Correlation Between Sea and GMS

Specify exactly 2 symbols:
Can any of the company-specific risk be diversified away by investing in both Sea and GMS at the same time? Although using a correlation coefficient on its own may not help to predict future stock returns, this module helps to understand the diversifiable risk of combining Sea and GMS into the same portfolio, which is an essential part of the fundamental portfolio management process.
By analyzing existing cross correlation between Sea and GMS Inc, you can compare the effects of market volatilities on Sea and GMS and check how they will diversify away market risk if combined in the same portfolio for a given time horizon. You can also utilize pair trading strategies of matching a long position in Sea with a short position of GMS. Check out your portfolio center. Please also check ongoing floating volatility patterns of Sea and GMS.

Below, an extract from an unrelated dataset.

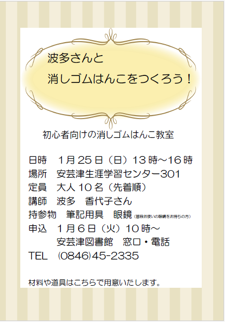 | 申込 | 窓口または電話(1/6(火)10:00~受付) |

Diversification Opportunities for Sea and GMS

0.75
  Correlation Coefficient
 Sea
 GMS

Poor diversification

The 3 months correlation between Sea and GMS is 0.75. Overlapping area represents the amount of risk that can be diversified away by holding Sea and GMS Inc in the same portfolio, assuming nothing else is changed. The correlation between historical prices or returns on GMS Inc and Sea is a relative statistical measure of the degree to which these equity instruments tend to move together. The correlation coefficient measures the extent to which returns on Sea are associated (or correlated) with GMS. Values of the correlation coefficient range from -1 to +1, where. The correlation of zero (0) is possible when the price movement of GMS Inc has no effect on the direction of Sea i.e., Sea and GMS go up and down completely randomly.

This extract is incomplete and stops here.